(Recorded data)
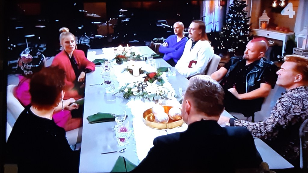 Jokainen ARTISTI oli tuonut jotakin JOULUPÖYTÄÄN….Lisäksi Joululahjat oli arvottu ja OSTETUIN…JAETTIIN jaksossa ESITYSTEN Jälkeen. Mm. Kirjoja, Flaneliyöpuku, Suomen jalkapallo/ PELIPAITA, 10 REDFORD jne.
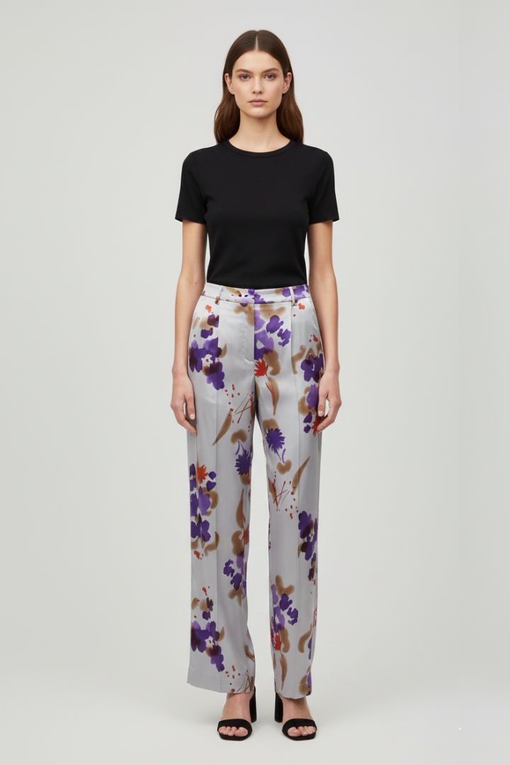 Pantalone in stampa fiore astratta in seta
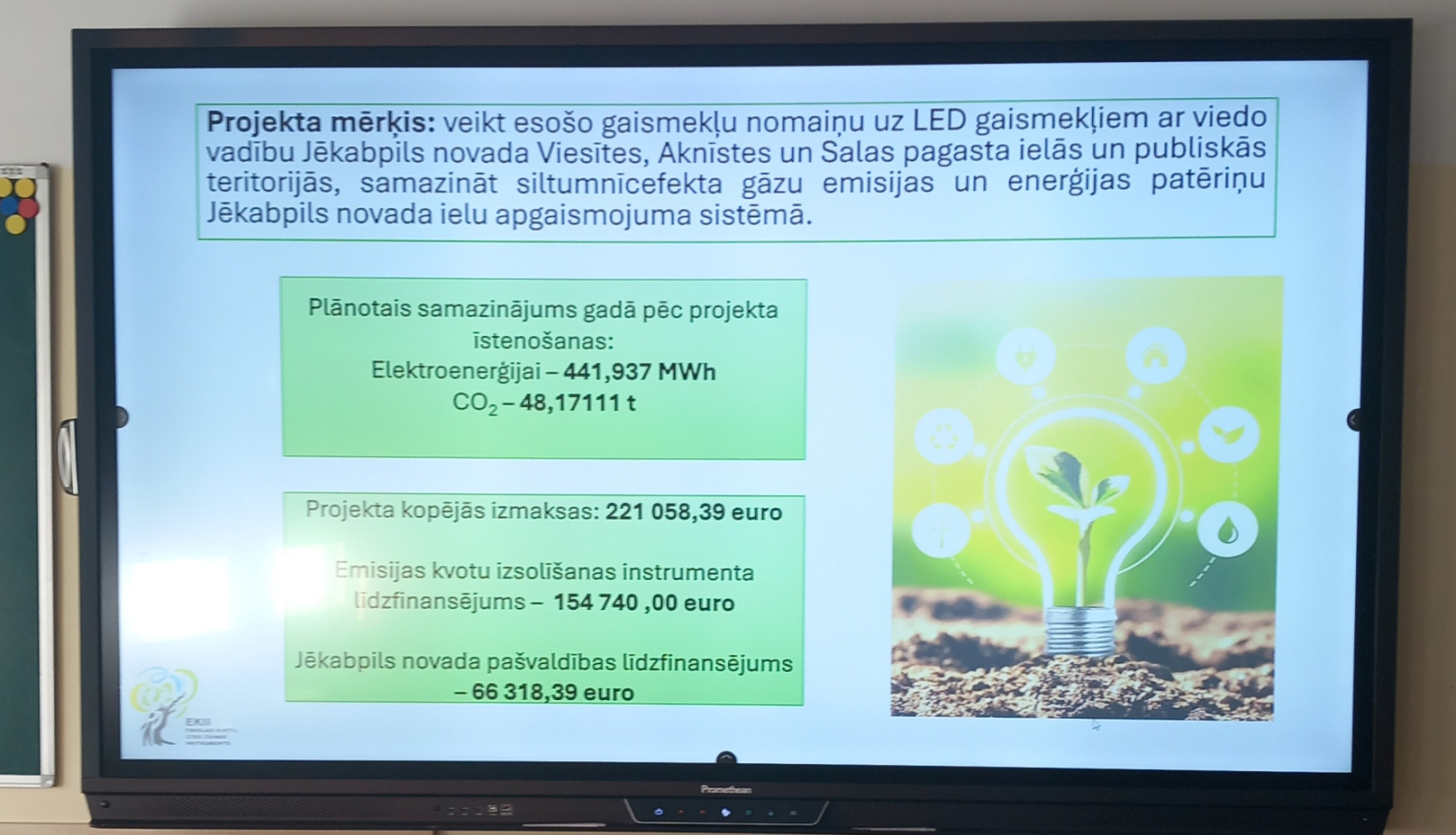 Lai veicinātu skolnieku izpratni par projekta īstenošanas laikā sasniegto enerģijas ietaupījumu un CO2 emisijas samazinājumu, šī gada 3.un 4.aprīlī Jēkabpils novada pašvaldības darbinieki informēja Viesītes vidusskolas un Aknīstes vidusskolas 9.un 11.klašu skolniekus par projekta aktivitātēm un projekta rezultātiem.
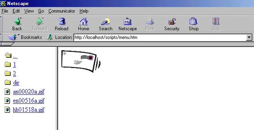 На данном скриншоте показан пример меню. Страница menu.htm разделена на два фрейма. В левом фрейме находится файл list_files.asp, а правый фрейм используется для отображения файлов, ссылки на которые находятся в левом фрейме. В левом фрейме можно свободно перемещаться по папкам. Т.о. можно организовать меню пользователя.
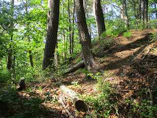 | 再び1郭に戻って北側の尾根へ。途中に浅い堀切が3本ある。。 |
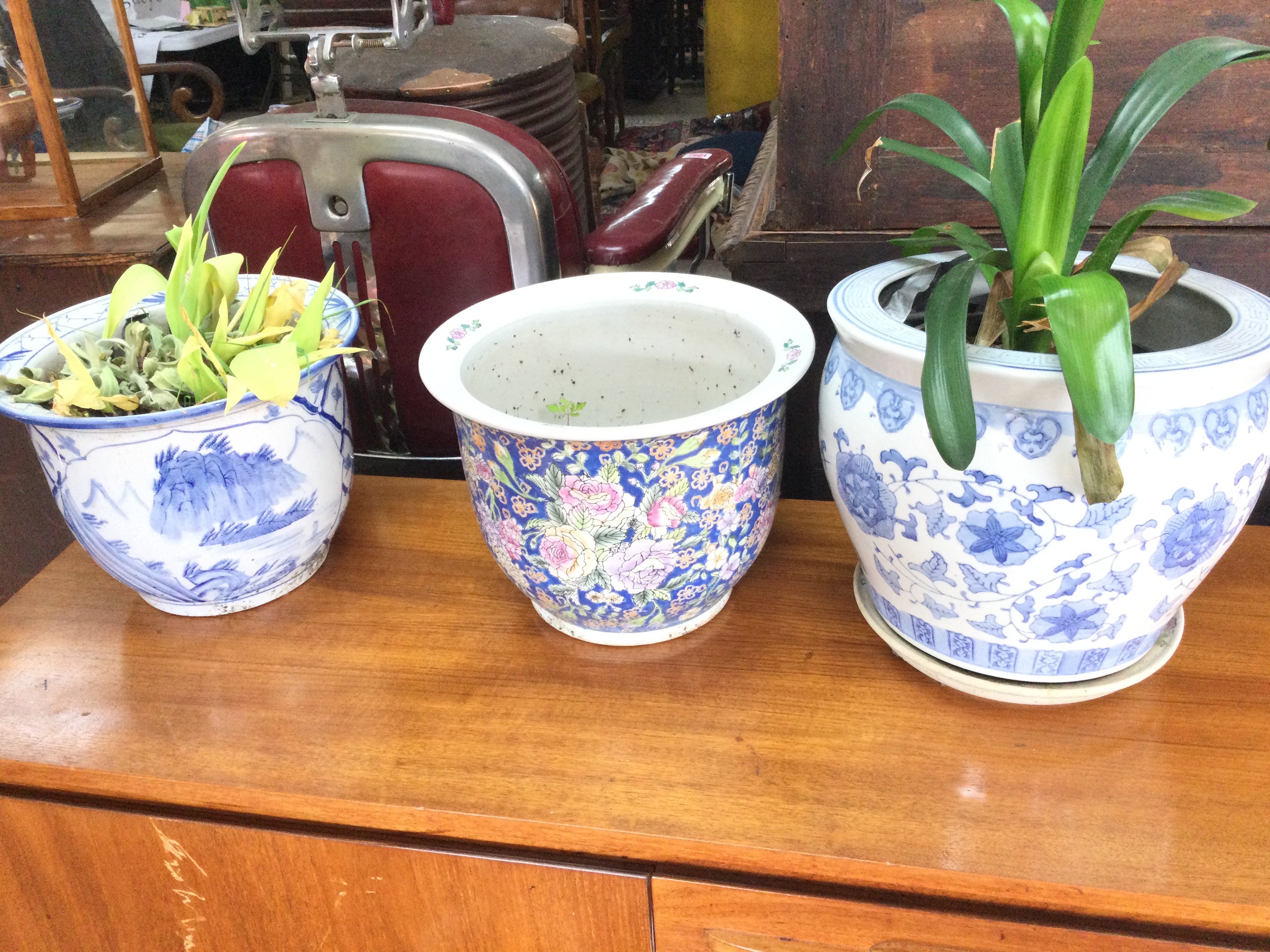 3 X 20th Century Chinese Porcelain Flower Pots..
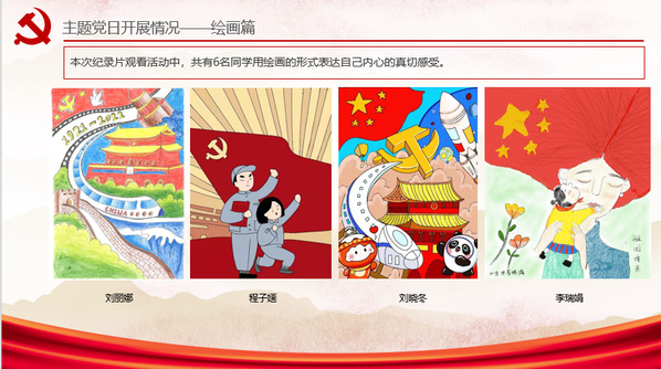 2020级金融与保险硕士研究生党支部有近40名成员参加了本次主题党日活动,其中有22名党员、9名入党积极分子以文字形式分享了观看纪录片的心得体会,6名入党积极分子以绘画形式表达了内心的真切感受。大家纷纷表示,将始终做到在思想和行动上跟党走,担负时代责任和使命,书写青春篇章。
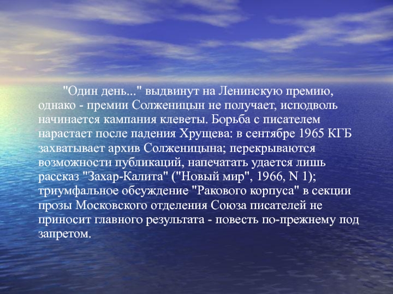 получает, исподволь начинается кампания клеветы. Борьба с писателем нарастает после падения Хрущева: в сентябре 1965 КГБ захватывает архив Солженицына; перекрываются возможности публикаций, напечатать удается лишь рассказ "Захар-Калита" ("Новый мир", 1966, N 1); триумфальное обсуждение "Ракового корпуса" в секции прозы Московского отделения Союза писателей не приносит главного результата - повесть по-прежнему под запретом.
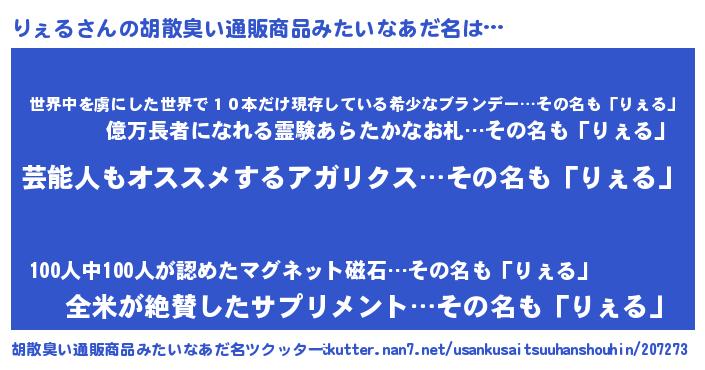 意味不明あだ名 | 『自称りぇる』『住所不定無職りぇる(71歳)』 |
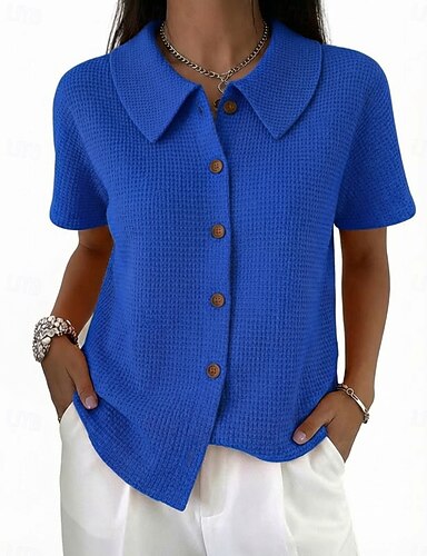 Femmes Chemise gaufrée Boutons Uni ancien Élégant Classique Sans manches Manche Courte Col Rabattu Col de chemise Hauts Réguliers Quotidien Bleu Noir Blanche Rose Claire Orange Été Printemps
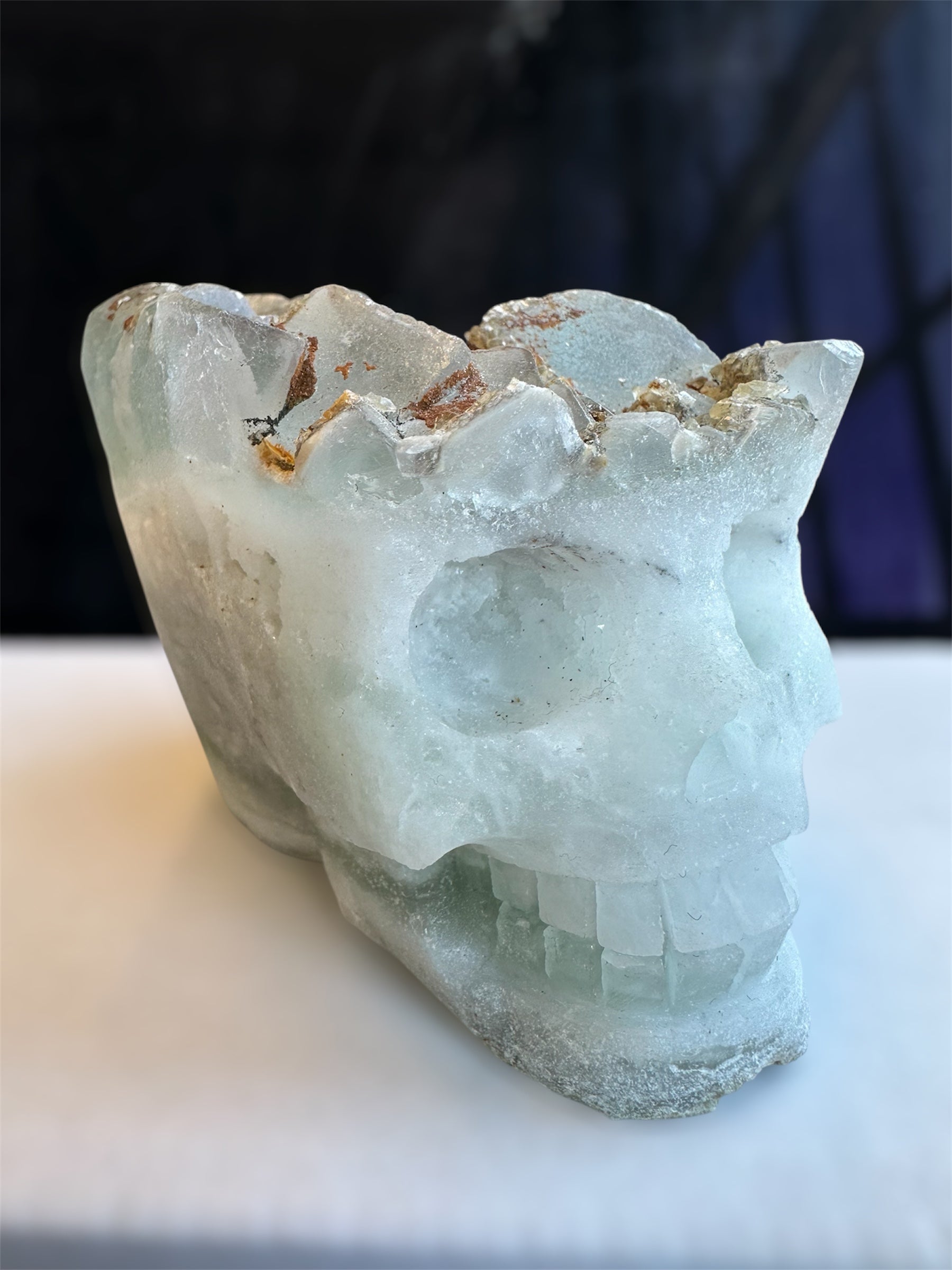 Green fluorite & white quartz carved human skull. The top has been left “raw” so the fluorite cubes look like brains.
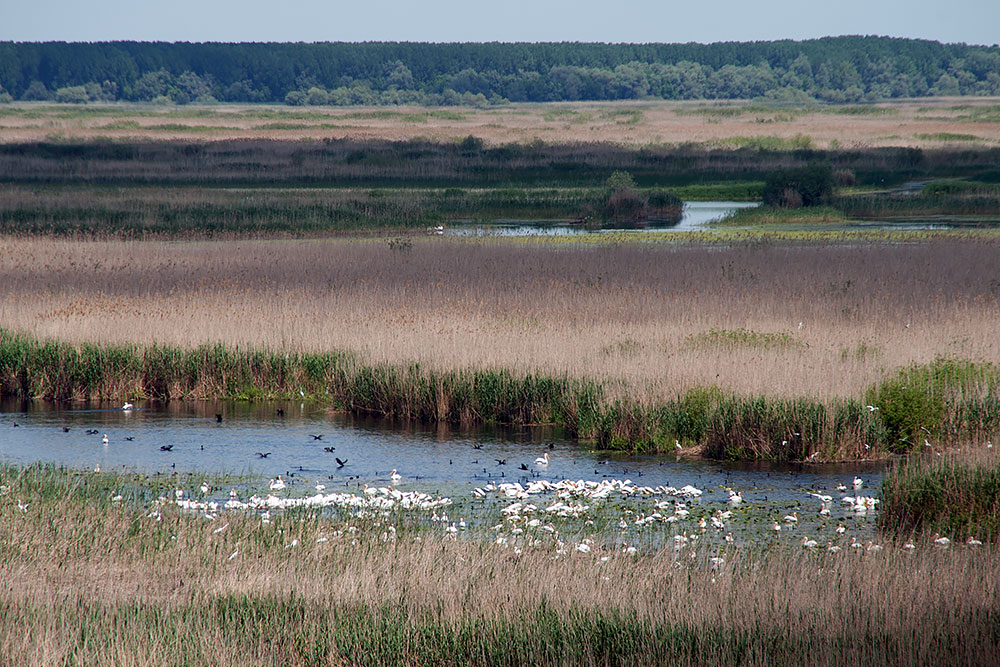 an der Reihe waren und mind. drei würden mir also auch noch folgen. Doch dumm waren sie dort leider nicht, sie kassierten schon vor dem Rauffahren ab, was ich vorher nicht sehen konnte. Und natürlich wurden keine Kreditkarten akzeptiert. Willkommen in Europa! Nur mal so zur Info: sogar die kleinen Fischhändler im Iran, draußen vor der Halle auf dem Markt, hatten ein tragbares Kartenlesegerät für ihre Kunden dabei! Vorwärts ging es also nicht weiter, darum wieder zurück nach Macin und cash besorgt. Doch die Fahrt war angenehm, da die Strasse direkt an einem Naturschutzgebiet endlang führte, dem „Balta Brailei“. |
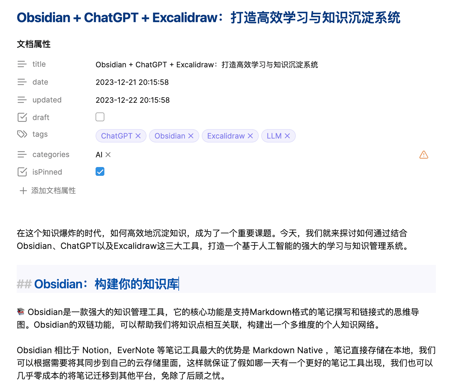 首先,我选用了 Obsidian 作为我的知识管理工具。它提供了卓越的 Markdown 编辑和链接功能,使我能轻松整理和查询我的知识库。例如,下图展示的就是我已经发布到博客上的一个笔记。
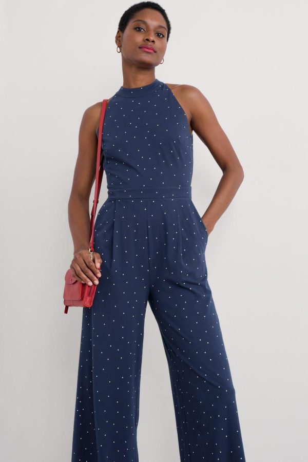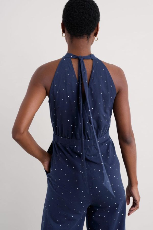An elegant alternative to a long dress, the Belyars Jumpsuit has a fitted sleeveless bodice and straight, full-length trousers. It’s crafted from soft organic cotton with added stretch for comfort and pleats below the waistband for a touch of easy volume. The high neck curves around into a self-fabric neck tie, adding vintage-style interest to the back of the jumpsuit. A versatile piece for effortless summer dressing.
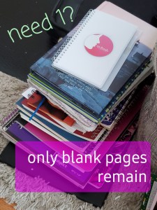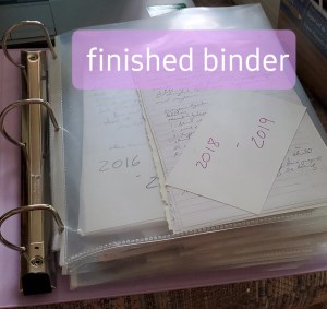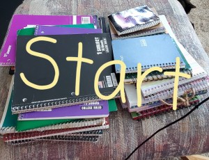 One of the things I did was inspired by a friend’s mom. I’ve journaled on and off since high school and I’ve been taking written notes during sermons and conferences and writing out prayers, dreams, and visions for a couple decades. This resulted in a bunch of notebooks and journals that were half filled and taking up a lot of room. Pics below of the process, I didn’t get a pic of the bookshelf they were on, but you get the idea. I pulled out all the things I wanted to keep, recycled what I could, then put the keep stuff in sheet protectors grouped by journals/years. The results are a lot of empty notebooks (kept the ones that had a decent amount of paper left), a lot of recycled paper, and one binder. I also ran across things I forgot I wrote over the years, which was pretty cool. I didn’t really read all of it, that’s a project for another day!

> _ASSIGNMENT_
An exact reproduction of all the records is required, with no pictures included.

> _ANSWER FOR THE TASK_
 Jokainen ARTISTI oli tuonut jotakin JOULUPÖYTÄÄN….Lisäksi Joululahjat oli arvottu ja OSTETUIN…JAETTIIN jaksossa ESITYSTEN Jälkeen. Mm. Kirjoja, Flaneliyöpuku, Suomen jalkapallo/ PELIPAITA, 10 REDFORD jne.
 Pantalone in stampa fiore astratta in seta
 Lai veicinātu skolnieku izpratni par projekta īstenošanas laikā sasniegto enerģijas ietaupījumu un CO2 emisijas samazinājumu, šī gada 3.un 4.aprīlī Jēkabpils novada pašvaldības darbinieki informēja Viesītes vidusskolas un Aknīstes vidusskolas 9.un 11.klašu skolniekus par projekta aktivitātēm un projekta rezultātiem.
 На данном скриншоте показан пример меню. Страница menu.htm разделена на два фрейма. В левом фрейме находится файл list_files.asp, а правый фрейм используется для отображения файлов, ссылки на которые находятся в левом фрейме. В левом фрейме можно свободно перемещаться по папкам. Т.о. можно организовать меню пользователя.
 | 再び1郭に戻って北側の尾根へ。途中に浅い堀切が3本ある。。 |
 3 X 20th Century Chinese Porcelain Flower Pots..
 2020级金融与保险硕士研究生党支部有近40名成员参加了本次主题党日活动,其中有22名党员、9名入党积极分子以文字形式分享了观看纪录片的心得体会,6名入党积极分子以绘画形式表达了内心的真切感受。大家纷纷表示,将始终做到在思想和行动上跟党走,担负时代责任和使命,书写青春篇章。
 получает, исподволь начинается кампания клеветы. Борьба с писателем нарастает после падения Хрущева: в сентябре 1965 КГБ захватывает архив Солженицына; перекрываются возможности публикаций, напечатать удается лишь рассказ "Захар-Калита" ("Новый мир", 1966, N 1); триумфальное обсуждение "Ракового корпуса" в секции прозы Московского отделения Союза писателей не приносит главного результата - повесть по-прежнему под запретом.
 意味不明あだ名 | 『自称りぇる』『住所不定無職りぇる(71歳)』 |
 Femmes Chemise gaufrée Boutons Uni ancien Élégant Classique Sans manches Manche Courte Col Rabattu Col de chemise Hauts Réguliers Quotidien Bleu Noir Blanche Rose Claire Orange Été Printemps
 Green fluorite & white quartz carved human skull. The top has been left “raw” so the fluorite cubes look like brains.
 an der Reihe waren und mind. drei würden mir also auch noch folgen. Doch dumm waren sie dort leider nicht, sie kassierten schon vor dem Rauffahren ab, was ich vorher nicht sehen konnte. Und natürlich wurden keine Kreditkarten akzeptiert. Willkommen in Europa! Nur mal so zur Info: sogar die kleinen Fischhändler im Iran, draußen vor der Halle auf dem Markt, hatten ein tragbares Kartenlesegerät für ihre Kunden dabei! Vorwärts ging es also nicht weiter, darum wieder zurück nach Macin und cash besorgt. Doch die Fahrt war angenehm, da die Strasse direkt an einem Naturschutzgebiet endlang führte, dem „Balta Brailei“. |
 首先,我选用了 Obsidian 作为我的知识管理工具。它提供了卓越的 Markdown 编辑和链接功能,使我能轻松整理和查询我的知识库。例如,下图展示的就是我已经发布到博客上的一个笔记。
An elegant alternative to a long dress, the Belyars Jumpsuit has a fitted sleeveless bodice and straight, full-length trousers. It’s crafted from soft organic cotton with added stretch for comfort and pleats below the waistband for a touch of easy volume. The high neck curves around into a self-fabric neck tie, adding vintage-style interest to the back of the jumpsuit. A versatile piece for effortless summer dressing.
 One of the things I did was inspired by a friend’s mom. I’ve journaled on and off since high school and I’ve been taking written notes during sermons and conferences and writing out prayers, dreams, and visions for a couple decades. This resulted in a bunch of notebooks and journals that were half filled and taking up a lot of room. Pics below of the process, I didn’t get a pic of the bookshelf they were on, but you get the idea. I pulled out all the things I wanted to keep, recycled what I could, then put the keep stuff in sheet protectors grouped by journals/years. The results are a lot of empty notebooks (kept the ones that had a decent amount of paper left), a lot of recycled paper, and one binder. I also ran across things I forgot I wrote over the years, which was pretty cool. I didn’t really read all of it, that’s a project for another day!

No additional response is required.